* **Task objective**
The data below holds a line containing "The research introduces" and a line containing "نجفة ايديا الذكية"; please quote exactly those two lines and every line between them, and nothing else.

* **Records for this task**
# # #
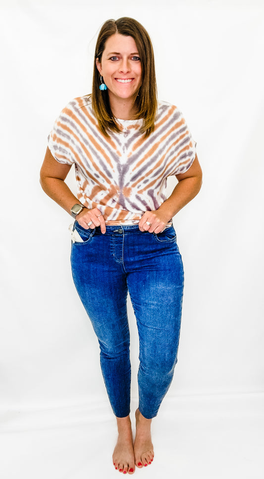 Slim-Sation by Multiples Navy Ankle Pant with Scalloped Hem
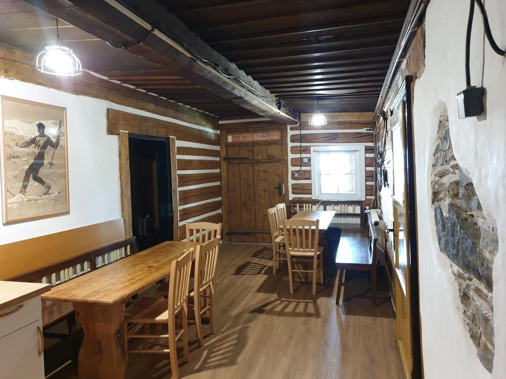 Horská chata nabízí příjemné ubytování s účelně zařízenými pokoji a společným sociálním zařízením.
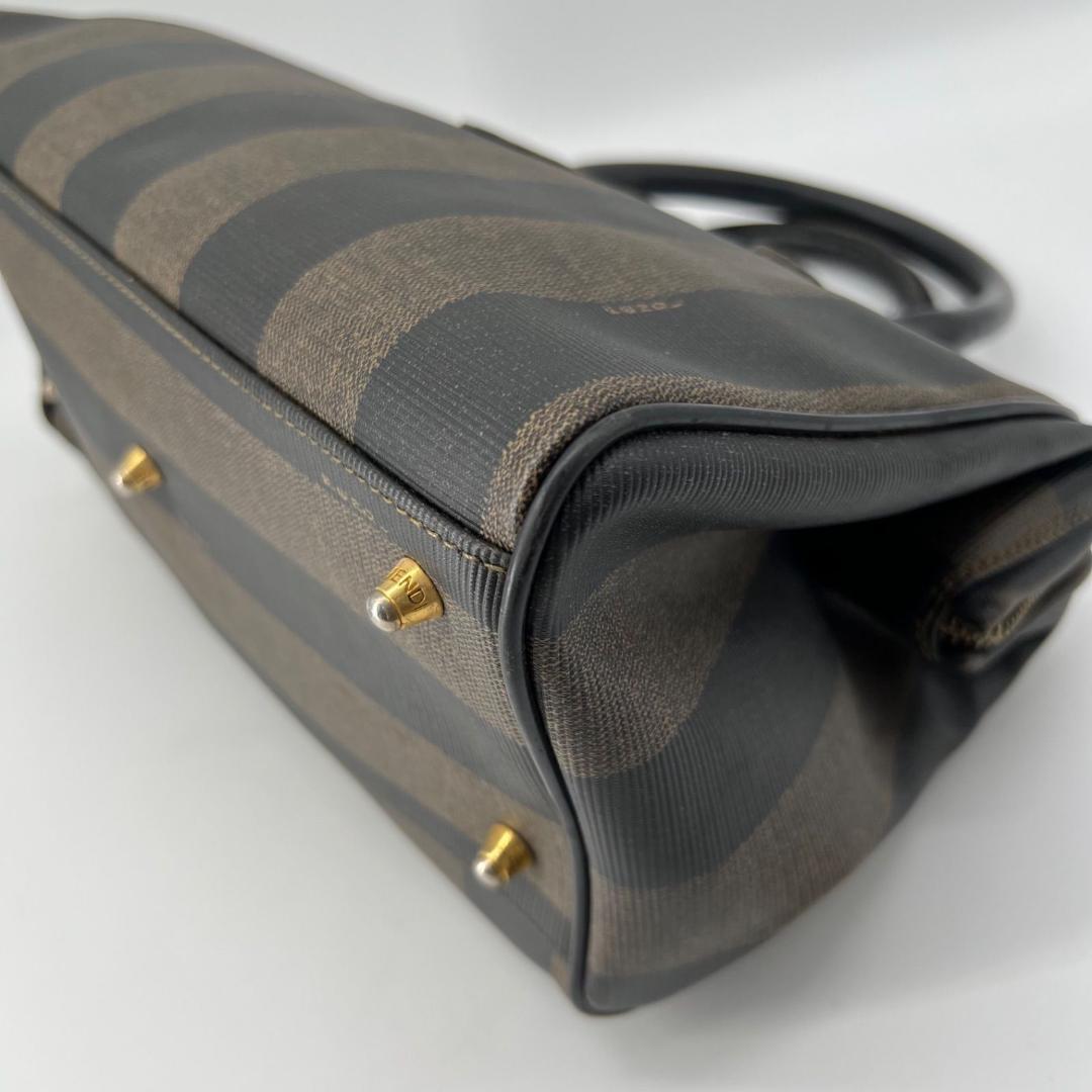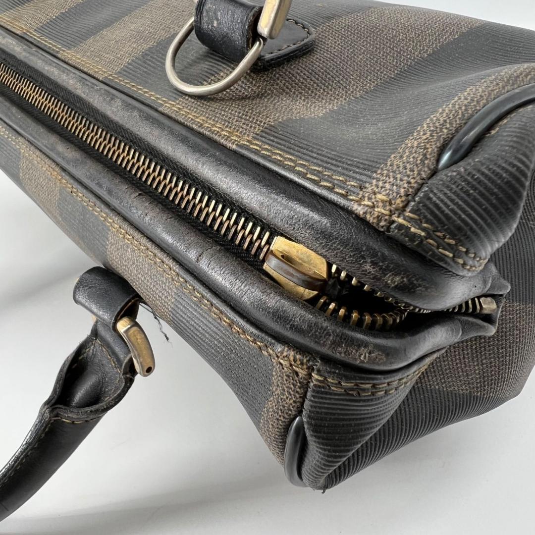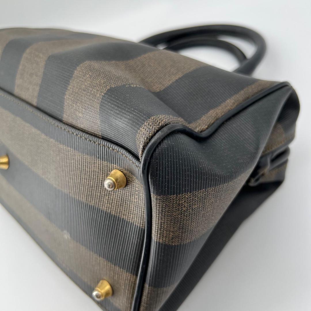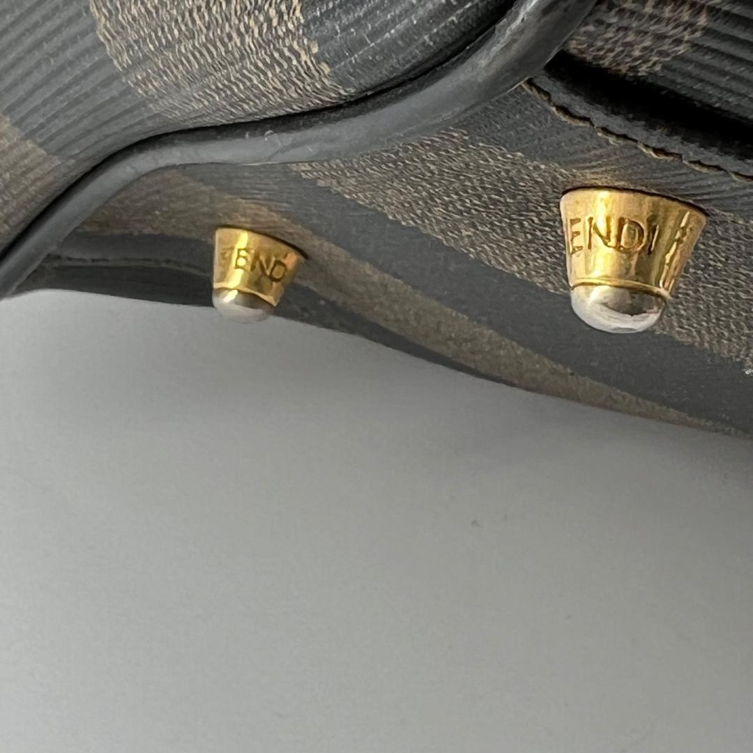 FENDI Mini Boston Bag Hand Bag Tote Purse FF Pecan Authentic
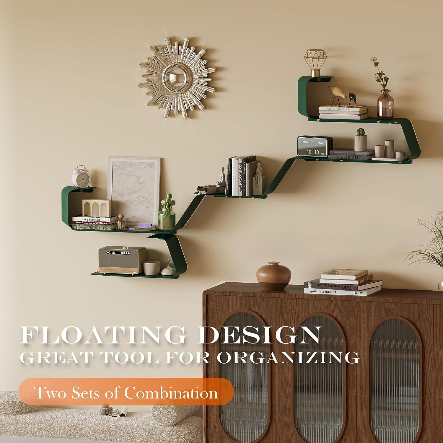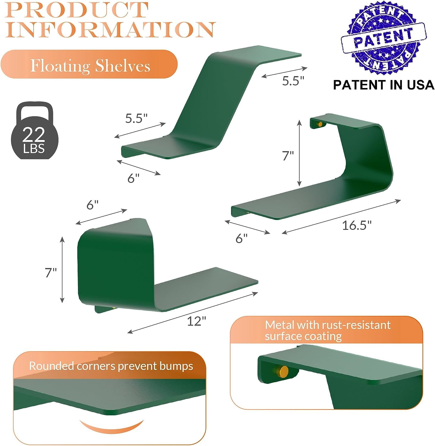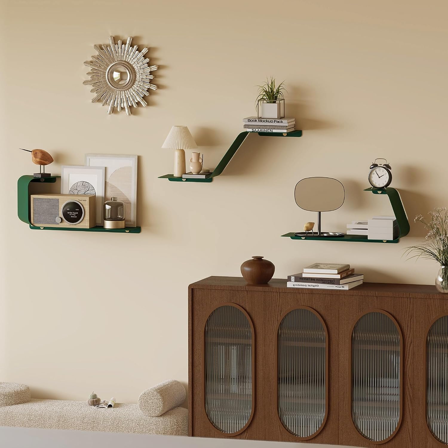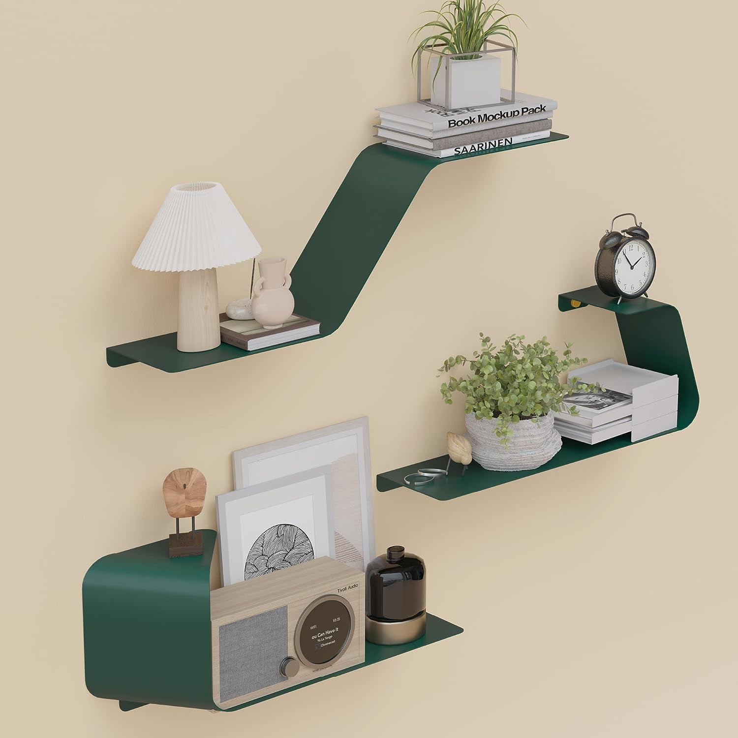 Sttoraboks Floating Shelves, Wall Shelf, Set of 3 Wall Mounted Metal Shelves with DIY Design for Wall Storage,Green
# # #
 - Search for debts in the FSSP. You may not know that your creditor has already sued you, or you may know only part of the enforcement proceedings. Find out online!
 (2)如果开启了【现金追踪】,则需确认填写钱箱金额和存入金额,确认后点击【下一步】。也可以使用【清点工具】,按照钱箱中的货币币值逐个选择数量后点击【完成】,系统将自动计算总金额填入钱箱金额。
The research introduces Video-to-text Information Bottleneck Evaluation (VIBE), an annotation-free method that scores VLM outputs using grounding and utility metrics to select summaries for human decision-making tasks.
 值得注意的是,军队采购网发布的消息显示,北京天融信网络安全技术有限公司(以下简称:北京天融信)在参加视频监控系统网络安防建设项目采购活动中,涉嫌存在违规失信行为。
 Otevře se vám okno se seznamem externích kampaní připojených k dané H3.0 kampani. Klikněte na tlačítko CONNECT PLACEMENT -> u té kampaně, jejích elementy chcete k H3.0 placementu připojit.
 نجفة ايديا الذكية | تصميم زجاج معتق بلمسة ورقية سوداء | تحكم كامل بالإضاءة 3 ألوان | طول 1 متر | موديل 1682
# # #
* **Solved problem**
The research introduces Video-to-text Information Bottleneck Evaluation (VIBE), an annotation-free method that scores VLM outputs using grounding and utility metrics to select summaries for human decision-making tasks.
 值得注意的是,军队采购网发布的消息显示,北京天融信网络安全技术有限公司(以下简称:北京天融信)在参加视频监控系统网络安防建设项目采购活动中,涉嫌存在违规失信行为。
 Otevře se vám okno se seznamem externích kampaní připojených k dané H3.0 kampani. Klikněte na tlačítko CONNECT PLACEMENT -> u té kampaně, jejích elementy chcete k H3.0 placementu připojit.
 نجفة ايديا الذكية | تصميم زجاج معتق بلمسة ورقية سوداء | تحكم كامل بالإضاءة 3 ألوان | طول 1 متر | موديل 1682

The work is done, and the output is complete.